**Records supplied**
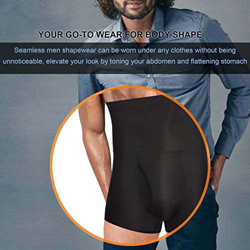 Men waist and tummy shaper was constructed by 72% Nylon + 28% Spandex, stretchy and lightweight fabric which make it great for body shaping, seamless high waist underwear can be paired with any everyday clothes, shrink down waistline without being detected.
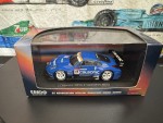 Durchsichtige Scheiben, schwarzes Rechtslenker-Renn-Interieur mit Überrollkäfig, aufgesetztem Heckspoiler mit weissem Aufdruck "Calsonic", Schweller, Spoilerlippe vorne und hinten, Kühlergrill, Scheibenwischer und Rückspiegel an der A-Säule angebracht. Ohne Heckscheibe. Auf der Frontscheibe den orange-weissen Sonnenschutz mit blau-rot-schwarzem Aufdruck "Calsonic Super GT". Silberne Türgriffe und Funkantenne auf dem Dach. Dem 2005-er Rennfahrzeug der Japanischen Super GT 500 Meisterschaft, des Calsonic Teams nachempfunden, mit diversen Werbeaufdrucken und der weiss-rot-schwarzen Startnummer 12. Glasscheinwerfer und koloriert Rücklichter. Weisse 5-Steg-Felgen mit Renngummi-Reifen. Fahrzeug aus der offiziellen Autobacs GT Association Modellauto Serie
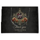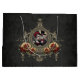 Kärlek i mörkret. Elegant, mystisk och samtidigt romantisk utformning av ett par i skallen bröllop med guld dekorationer och rött gul ros som symboliserar både passion och glädje. Denna utformning förenar romantik och individualitet på ett unikt sätt och vädjar till par som planerar ett okonventionellt firande.
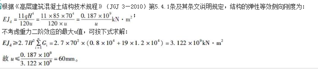 在水平力作用下,计算该高层建筑结构内力、位移时,若不考虑重力二阶效应的不利影响,则其顶点质心的弹性水平位移u的最大值应为( )mm。
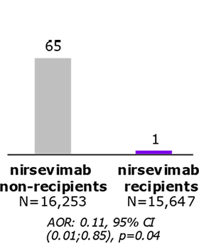 - Nirsevimab administration is associated with an 75% (OR: 0.25, 95% CI: 0.19–0.33, p<0.0001) reduction in the risk of RSV-related LRTI incidence
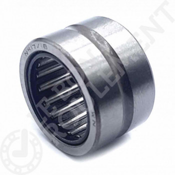 Rodamiento de agujas sin anillo interior de marca genérica. Sus cotas en mm son 17x25x16. No es estanco y la jaula que mantiene las agujas es de acero.
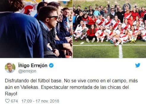 Íñigo Errejón quiso compartir en las redes sociales su experiencia presenciando el partido de la Liga Iberdrola entre el Rayo Vallecano y la Real Sociedad y acabó recibiendo una oleada de zascas por su desconocimiento del mundo del fútbol. El político calificó de "fútbol base" un partido de la Primera división femenina y no tardó en recibir la contestación de los usuarios.
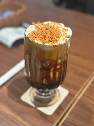去到新城市想食少少野搵個位坐下,依間有甜品同野飲就揀咗 。記得好似曾經算出名過,我地星期日晏晝去都要排一陣隊。🍄🟫鹽酥杏鮑菇新鮮炸出黎都脆脆地🍞珍珠鐵觀音雪糕吐司佢個雪糕有少少似沙冰多啲,吐司都鬆脆唔硬嘅🍨珍珠熔岩蛋糕蛋糕質感偏實淨,唔鬆軟🧋焙茶拿鐵🧋黑糖琥珀珍珠拿鐵🧋珍珠紅豆鮮奶茶野飲正常發揮,大杯嘅整體黎講野食好一般,野飲都還好嘅,不過人均都要大概一百就唔太建議😥
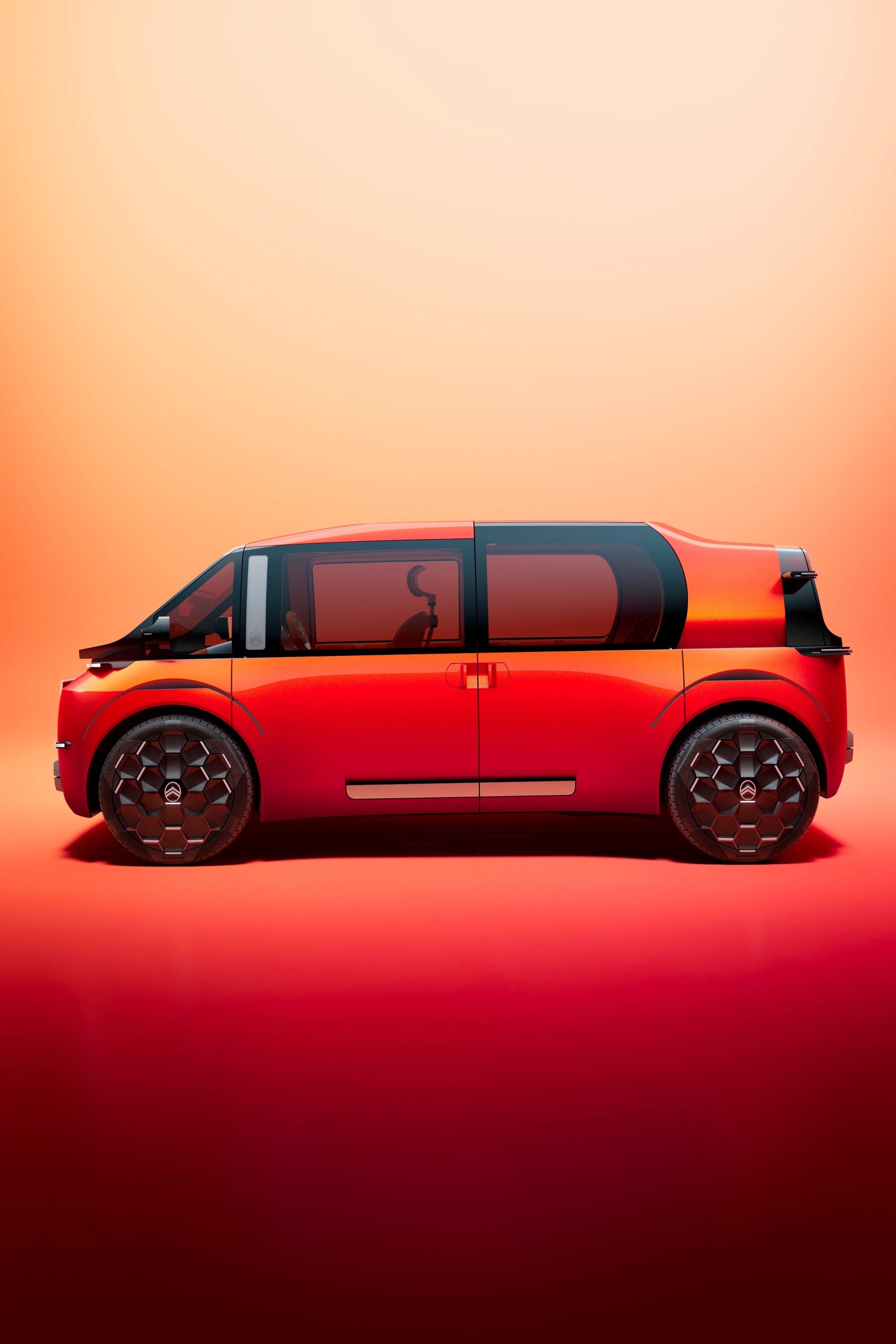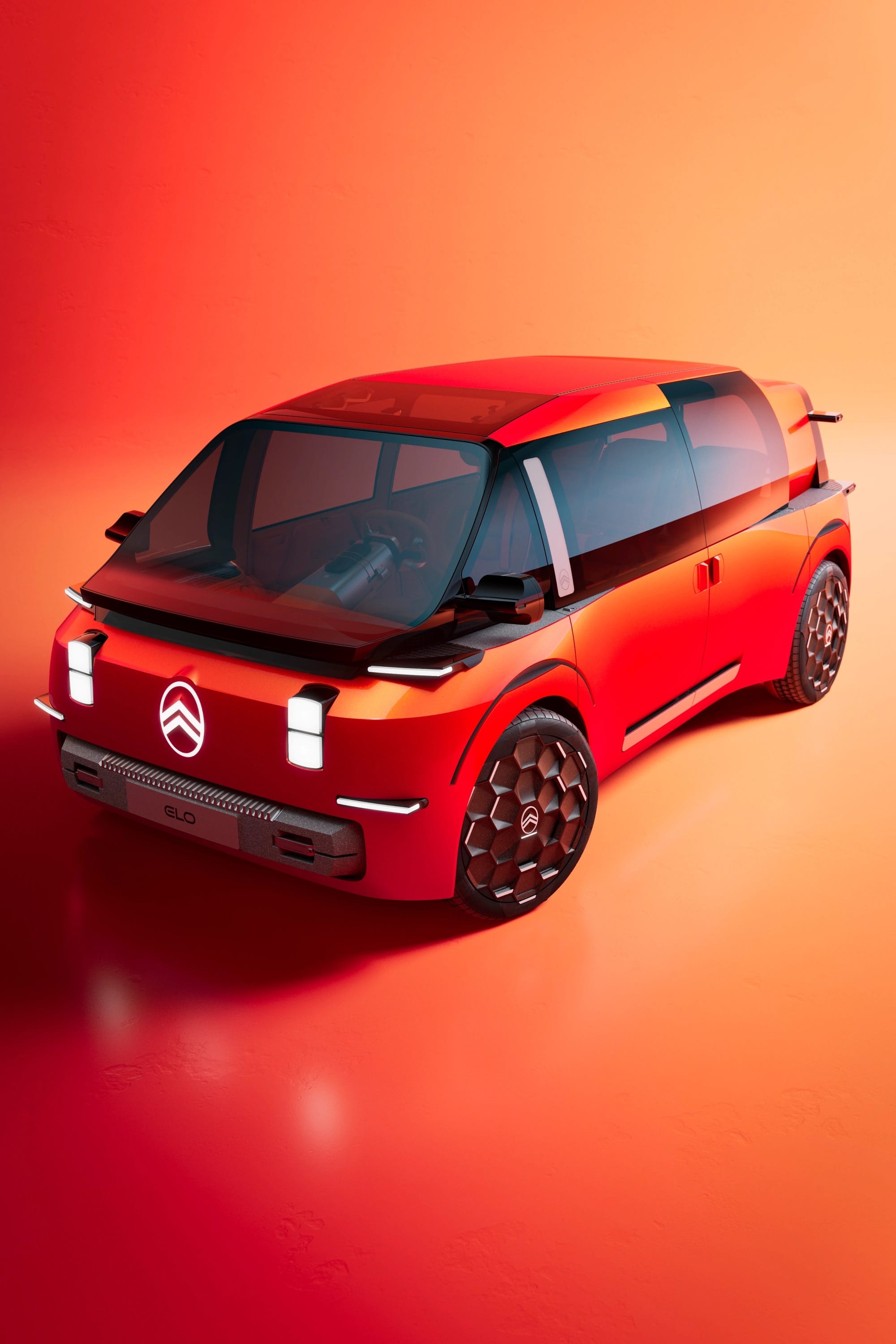 Avec seulement 4,10 mètres de long, soit à peine plus qu’une citadine, ELO parvient à accueillir jusqu’à six passagers. Sa silhouette cubique et largement vitrée privilégie la lumière et la sensation d’espace, rappelant l’âge d’or des monospaces tout en adoptant une esthétique résolument contemporaine. Le poste de conduite central, inspiré de configurations rares dans l’automobile, libère l’habitacle de toute planche de bord traditionnelle et renforce la convivialité à bord.
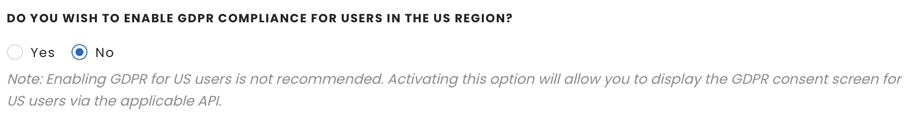 Configure GDPR in the US region: You no longer need to trigger the consent screen by calling the required API if you select Yes. Enabling GDPR in the US is not recommended.
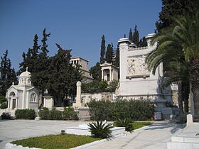 Foreground: Tomb of the Pesmazoglou family (right) and Melina Mercouri (middle). Background: Tomb of Heinrich Schliemann (left on the high pedestal).
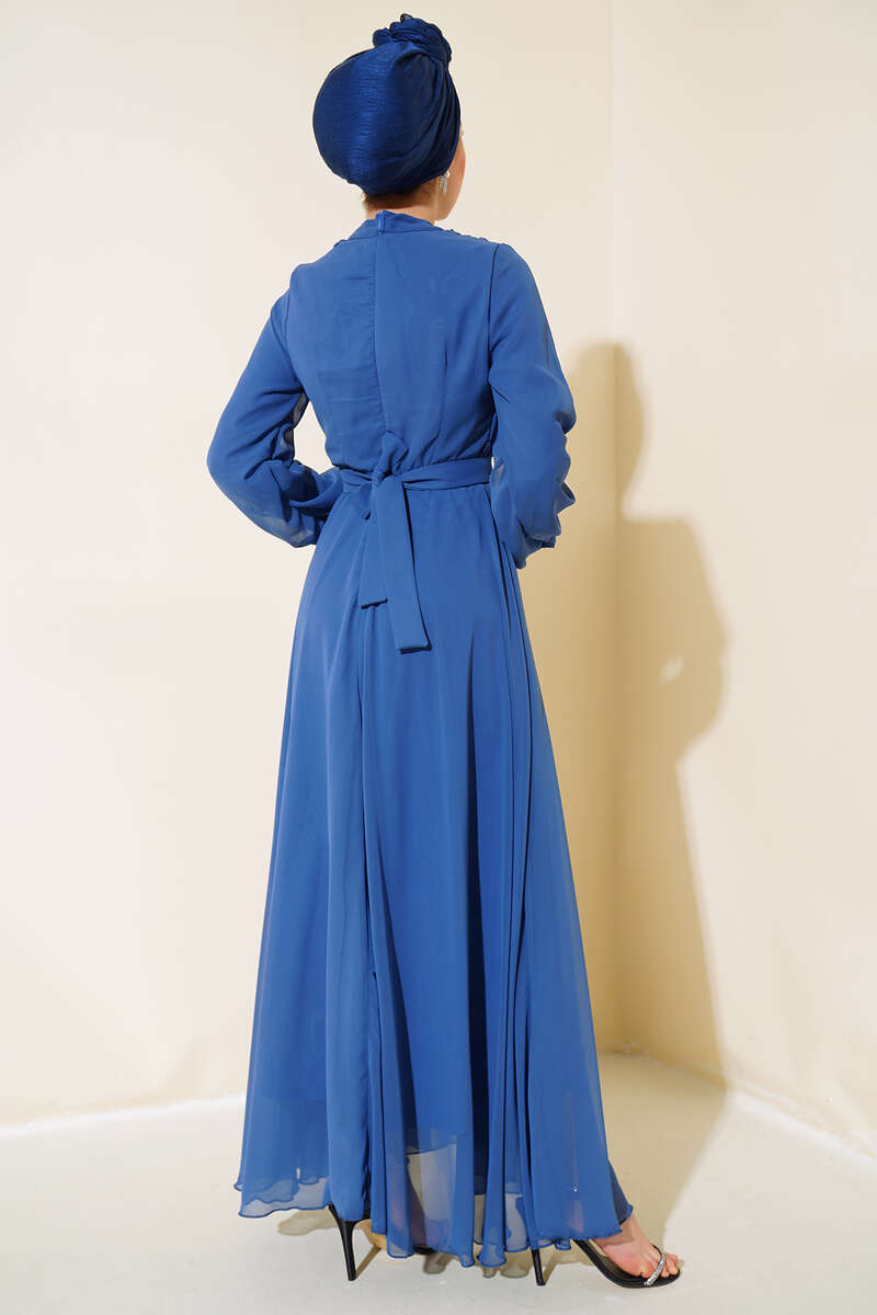 Kuşağı Tül Detaylı Şifon Elbise İndigo

**Exercise prompt**
Where a picture appears, skip it; repeat everything else in the data exactly.

**Written answer**
 Men waist and tummy shaper was constructed by 72% Nylon + 28% Spandex, stretchy and lightweight fabric which make it great for body shaping, seamless high waist underwear can be paired with any everyday clothes, shrink down waistline without being detected.
 Durchsichtige Scheiben, schwarzes Rechtslenker-Renn-Interieur mit Überrollkäfig, aufgesetztem Heckspoiler mit weissem Aufdruck "Calsonic", Schweller, Spoilerlippe vorne und hinten, Kühlergrill, Scheibenwischer und Rückspiegel an der A-Säule angebracht. Ohne Heckscheibe. Auf der Frontscheibe den orange-weissen Sonnenschutz mit blau-rot-schwarzem Aufdruck "Calsonic Super GT". Silberne Türgriffe und Funkantenne auf dem Dach. Dem 2005-er Rennfahrzeug der Japanischen Super GT 500 Meisterschaft, des Calsonic Teams nachempfunden, mit diversen Werbeaufdrucken und der weiss-rot-schwarzen Startnummer 12. Glasscheinwerfer und koloriert Rücklichter. Weisse 5-Steg-Felgen mit Renngummi-Reifen. Fahrzeug aus der offiziellen Autobacs GT Association Modellauto Serie
 Kärlek i mörkret. Elegant, mystisk och samtidigt romantisk utformning av ett par i skallen bröllop med guld dekorationer och rött gul ros som symboliserar både passion och glädje. Denna utformning förenar romantik och individualitet på ett unikt sätt och vädjar till par som planerar ett okonventionellt firande.
 在水平力作用下,计算该高层建筑结构内力、位移时,若不考虑重力二阶效应的不利影响,则其顶点质心的弹性水平位移u的最大值应为( )mm。
 - Nirsevimab administration is associated with an 75% (OR: 0.25, 95% CI: 0.19–0.33, p<0.0001) reduction in the risk of RSV-related LRTI incidence
 Rodamiento de agujas sin anillo interior de marca genérica. Sus cotas en mm son 17x25x16. No es estanco y la jaula que mantiene las agujas es de acero.
 Íñigo Errejón quiso compartir en las redes sociales su experiencia presenciando el partido de la Liga Iberdrola entre el Rayo Vallecano y la Real Sociedad y acabó recibiendo una oleada de zascas por su desconocimiento del mundo del fútbol. El político calificó de "fútbol base" un partido de la Primera división femenina y no tardó en recibir la contestación de los usuarios.
去到新城市想食少少野搵個位坐下,依間有甜品同野飲就揀咗 。記得好似曾經算出名過,我地星期日晏晝去都要排一陣隊。🍄🟫鹽酥杏鮑菇新鮮炸出黎都脆脆地🍞珍珠鐵觀音雪糕吐司佢個雪糕有少少似沙冰多啲,吐司都鬆脆唔硬嘅🍨珍珠熔岩蛋糕蛋糕質感偏實淨,唔鬆軟🧋焙茶拿鐵🧋黑糖琥珀珍珠拿鐵🧋珍珠紅豆鮮奶茶野飲正常發揮,大杯嘅整體黎講野食好一般,野飲都還好嘅,不過人均都要大概一百就唔太建議😥
 Avec seulement 4,10 mètres de long, soit à peine plus qu’une citadine, ELO parvient à accueillir jusqu’à six passagers. Sa silhouette cubique et largement vitrée privilégie la lumière et la sensation d’espace, rappelant l’âge d’or des monospaces tout en adoptant une esthétique résolument contemporaine. Le poste de conduite central, inspiré de configurations rares dans l’automobile, libère l’habitacle de toute planche de bord traditionnelle et renforce la convivialité à bord.
 Configure GDPR in the US region: You no longer need to trigger the consent screen by calling the required API if you select Yes. Enabling GDPR in the US is not recommended.
 Foreground: Tomb of the Pesmazoglou family (right) and Melina Mercouri (middle). Background: Tomb of Heinrich Schliemann (left on the high pedestal).
 Kuşağı Tül Detaylı Şifon Elbise İndigo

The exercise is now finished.